> _Description of the task_
All lines below between the line with "Complemento alimenticio en" and the line with "②養殖現場で「琴浦グランサーモン」を育てる過程を見学しエサやりを体験する", including both, must be copied exactly, and the pictures must be omitted.

> _Data for processing_
● ● ● ● ● ● ●
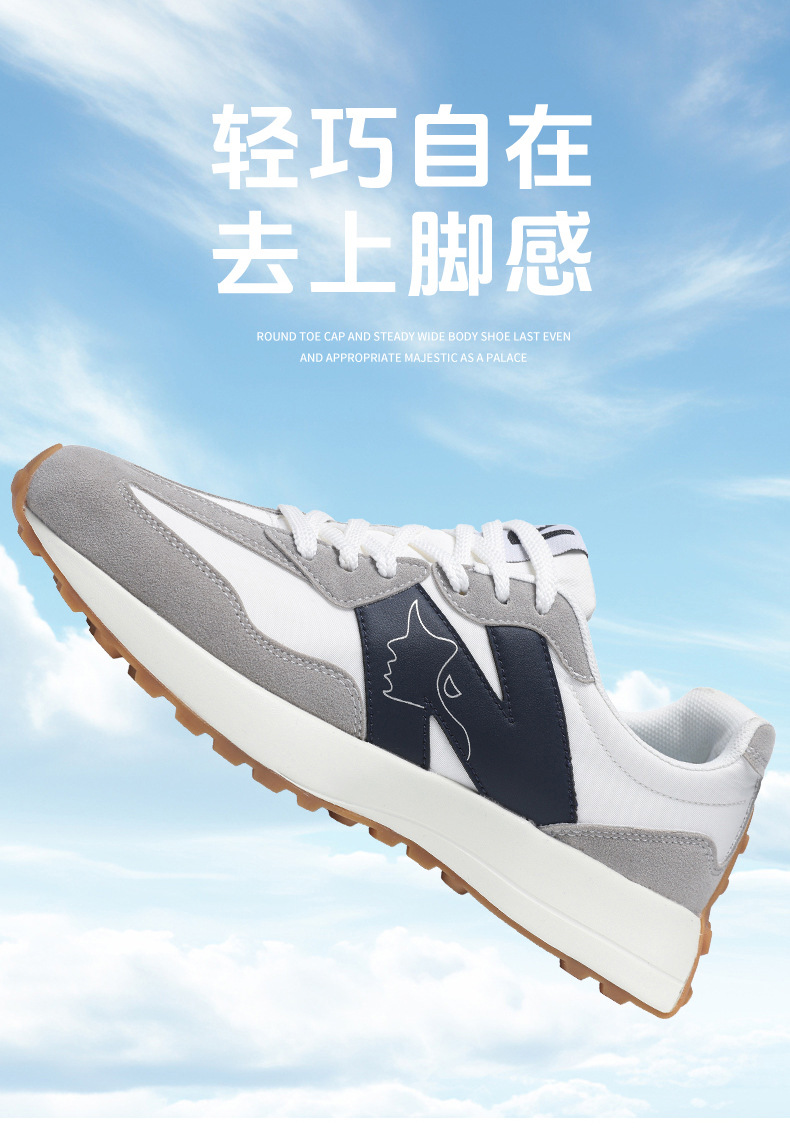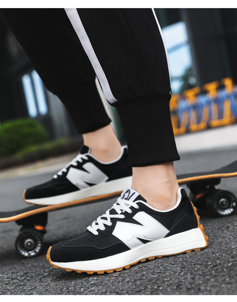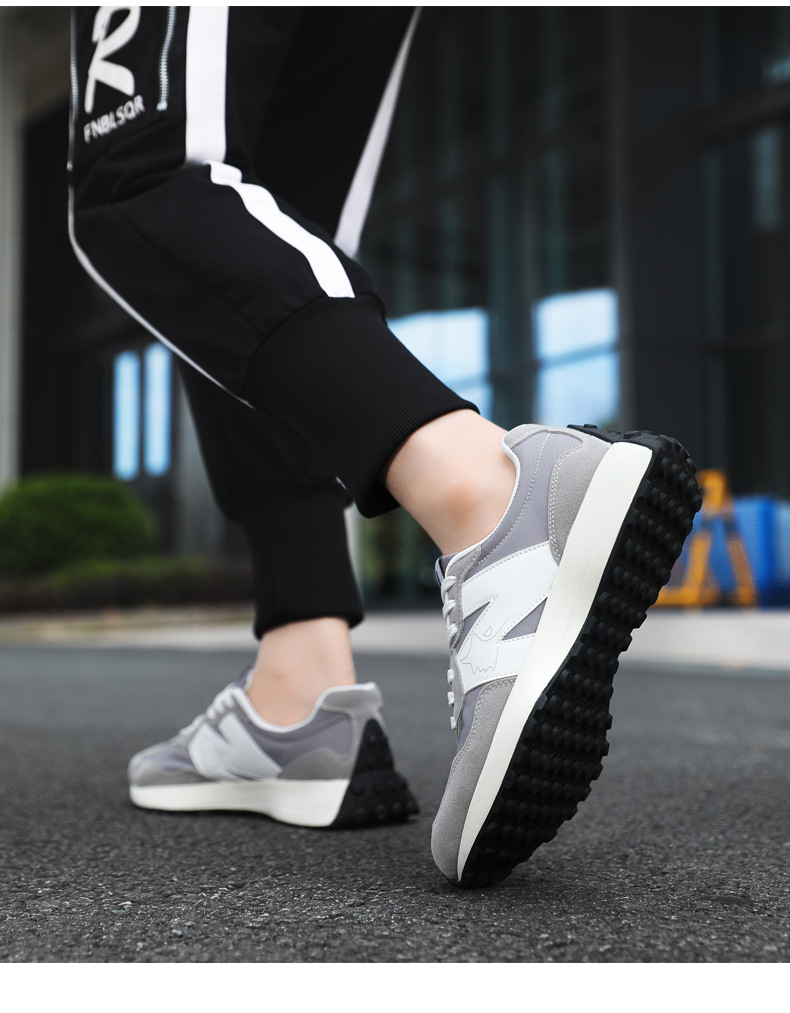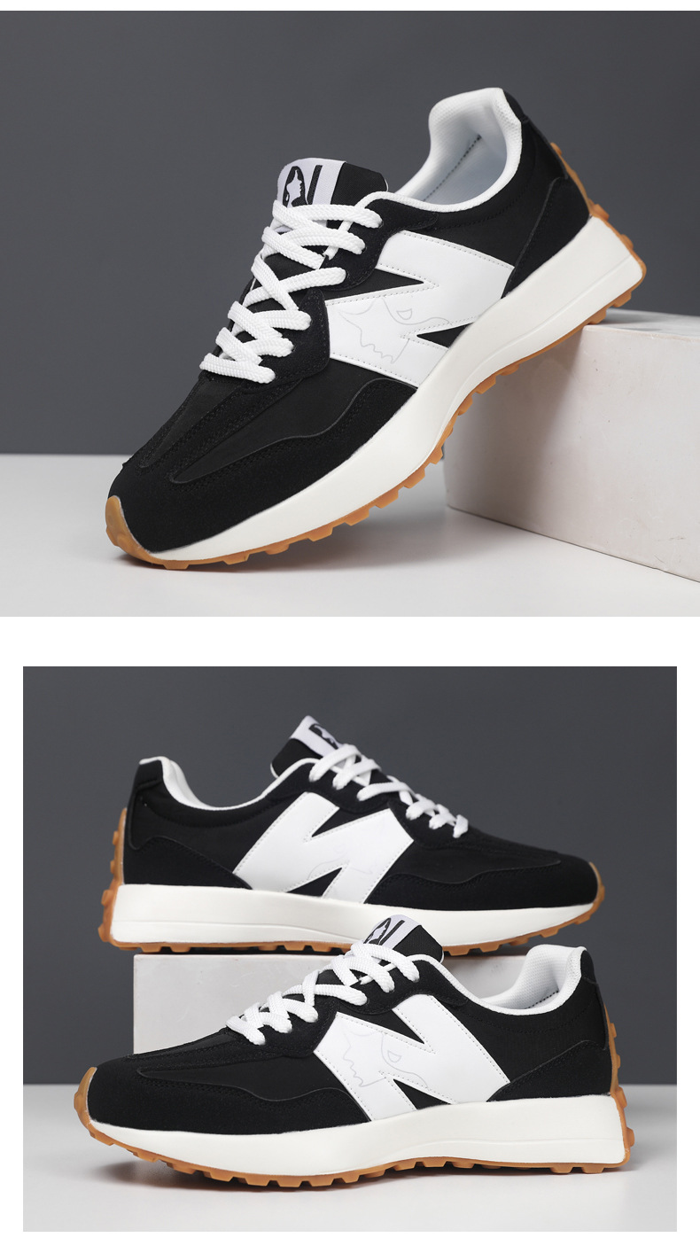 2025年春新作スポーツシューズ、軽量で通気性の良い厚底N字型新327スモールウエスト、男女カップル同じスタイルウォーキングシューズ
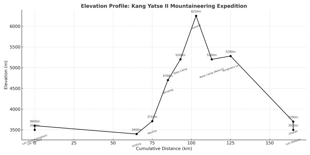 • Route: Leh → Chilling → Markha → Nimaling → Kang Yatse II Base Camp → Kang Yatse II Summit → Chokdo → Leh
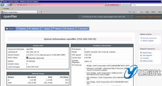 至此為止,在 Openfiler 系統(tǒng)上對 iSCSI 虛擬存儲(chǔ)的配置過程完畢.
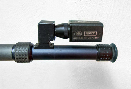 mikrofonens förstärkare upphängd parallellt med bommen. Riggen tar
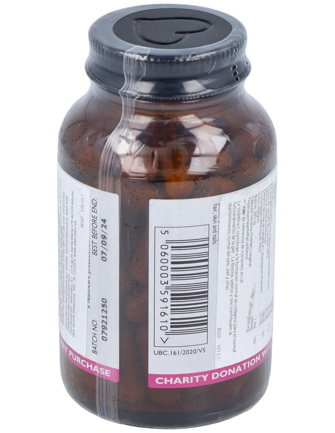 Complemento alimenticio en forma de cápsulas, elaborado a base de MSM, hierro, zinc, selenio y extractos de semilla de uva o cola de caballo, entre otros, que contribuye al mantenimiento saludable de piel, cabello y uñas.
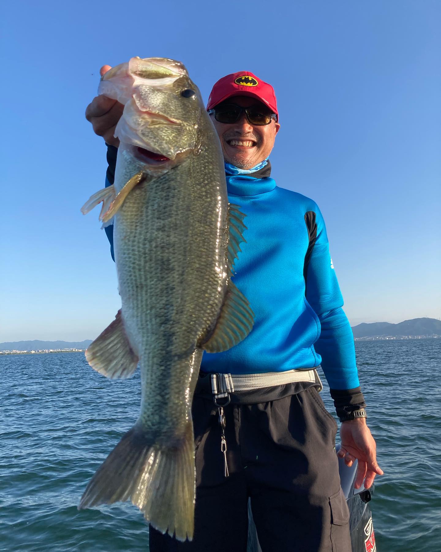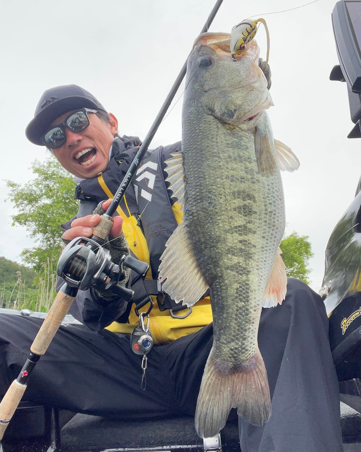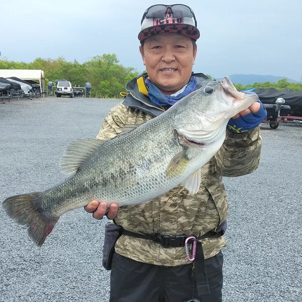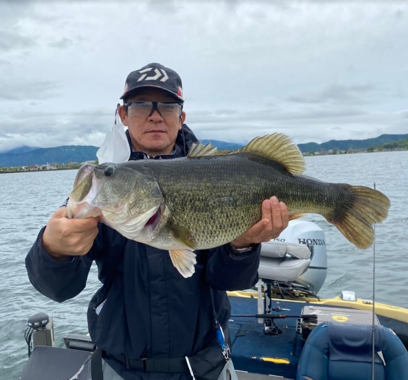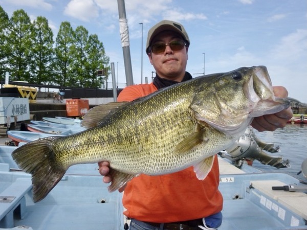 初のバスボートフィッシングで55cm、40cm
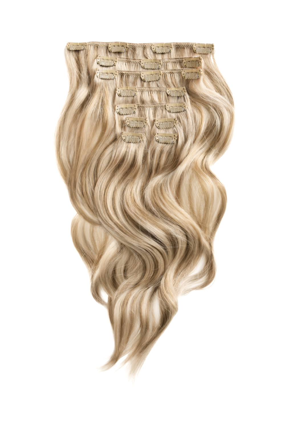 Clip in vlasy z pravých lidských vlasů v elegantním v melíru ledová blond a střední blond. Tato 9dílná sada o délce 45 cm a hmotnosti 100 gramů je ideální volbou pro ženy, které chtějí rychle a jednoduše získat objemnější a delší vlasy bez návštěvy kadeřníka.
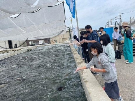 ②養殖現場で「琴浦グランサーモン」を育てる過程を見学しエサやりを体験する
● ● ● ● ● ● ●
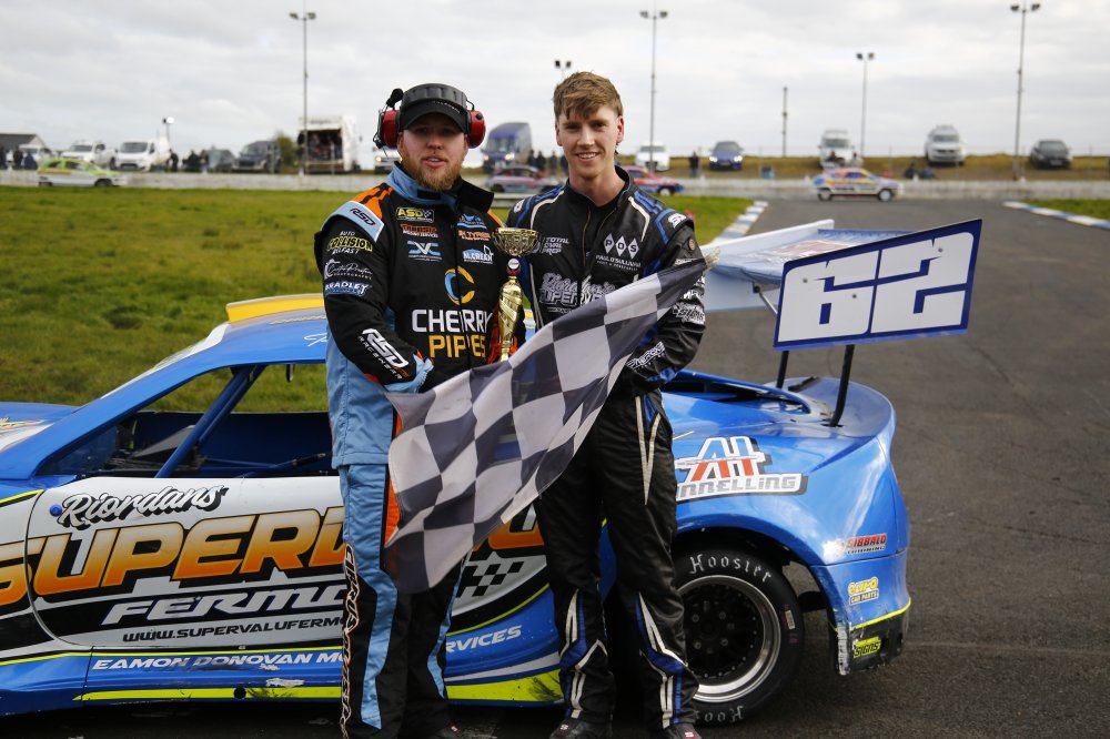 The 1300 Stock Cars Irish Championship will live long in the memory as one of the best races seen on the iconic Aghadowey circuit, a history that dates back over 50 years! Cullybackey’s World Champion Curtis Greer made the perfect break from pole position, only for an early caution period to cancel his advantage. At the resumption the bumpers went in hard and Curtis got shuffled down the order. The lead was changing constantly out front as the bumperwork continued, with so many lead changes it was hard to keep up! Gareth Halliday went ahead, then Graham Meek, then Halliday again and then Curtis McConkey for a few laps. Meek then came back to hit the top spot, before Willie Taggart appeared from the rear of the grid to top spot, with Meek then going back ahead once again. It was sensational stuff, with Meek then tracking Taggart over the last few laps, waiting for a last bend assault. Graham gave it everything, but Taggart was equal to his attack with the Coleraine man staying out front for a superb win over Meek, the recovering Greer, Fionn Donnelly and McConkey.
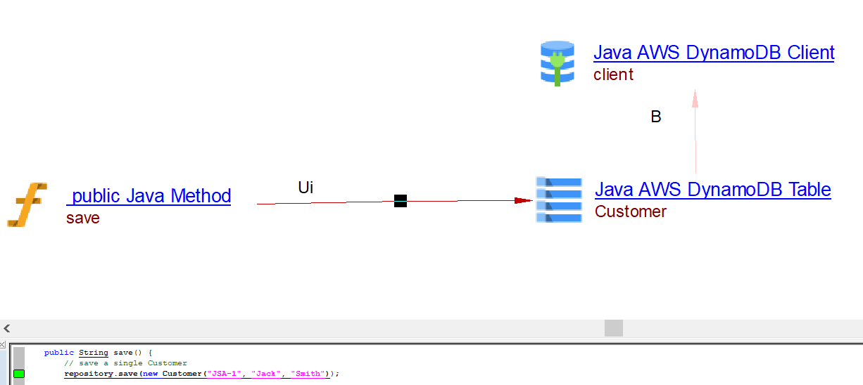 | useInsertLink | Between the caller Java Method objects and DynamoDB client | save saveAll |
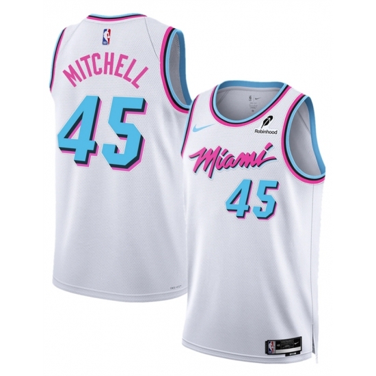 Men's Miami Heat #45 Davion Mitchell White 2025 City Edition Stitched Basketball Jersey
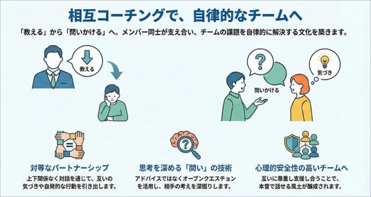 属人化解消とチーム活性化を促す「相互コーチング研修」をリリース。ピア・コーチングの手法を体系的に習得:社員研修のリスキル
● ● ● ● ● ● ●
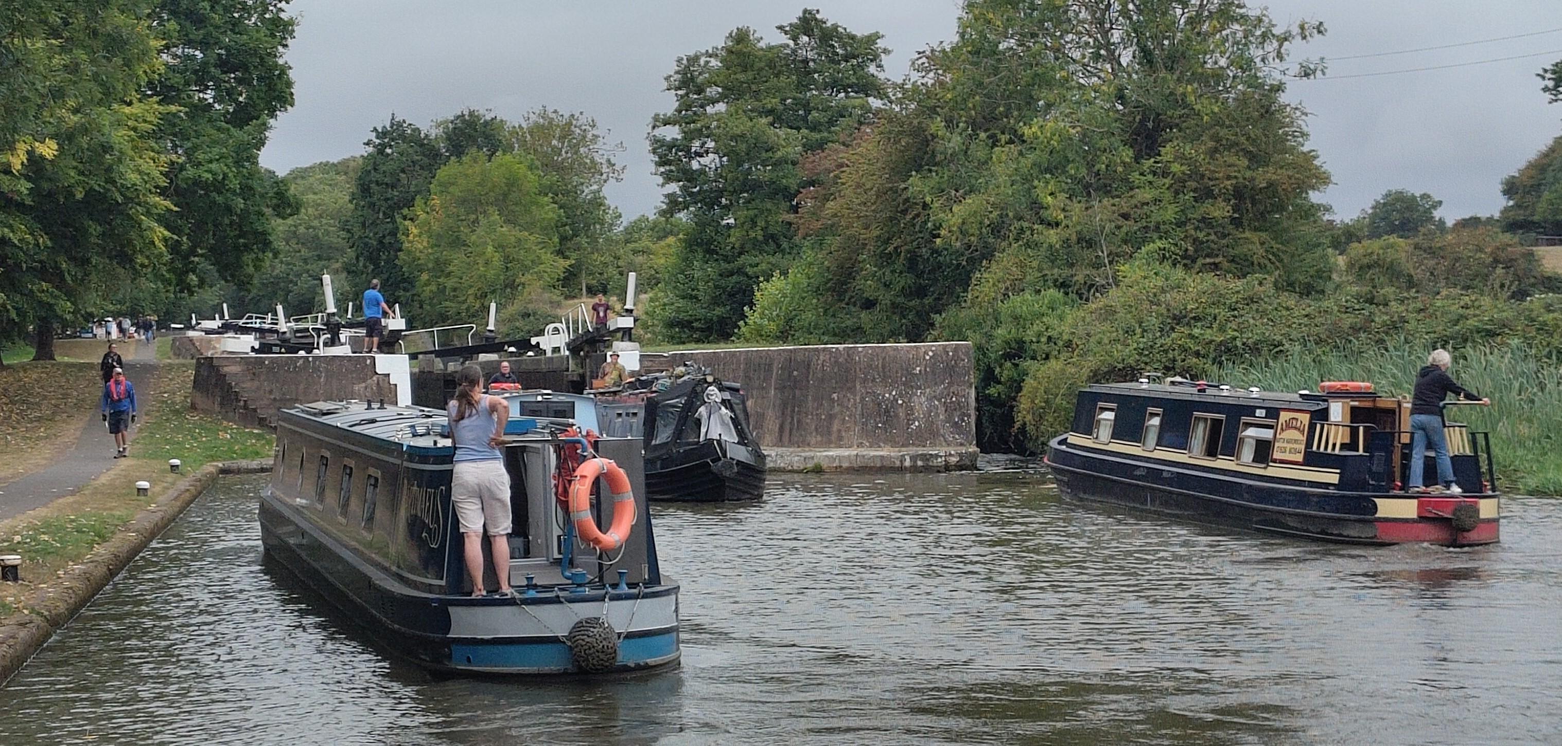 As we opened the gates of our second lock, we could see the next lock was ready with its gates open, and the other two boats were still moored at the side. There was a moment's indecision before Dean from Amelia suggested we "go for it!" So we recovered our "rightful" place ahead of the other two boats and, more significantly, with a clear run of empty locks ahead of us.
● ● ● ● ● ● ●
> _Answer to this exercise_
 Complemento alimenticio en forma de cápsulas, elaborado a base de MSM, hierro, zinc, selenio y extractos de semilla de uva o cola de caballo, entre otros, que contribuye al mantenimiento saludable de piel, cabello y uñas.
 初のバスボートフィッシングで55cm、40cm
 Clip in vlasy z pravých lidských vlasů v elegantním v melíru ledová blond a střední blond. Tato 9dílná sada o délce 45 cm a hmotnosti 100 gramů je ideální volbou pro ženy, které chtějí rychle a jednoduše získat objemnější a delší vlasy bez návštěvy kadeřníka.
 ②養殖現場で「琴浦グランサーモン」を育てる過程を見学しエサやりを体験する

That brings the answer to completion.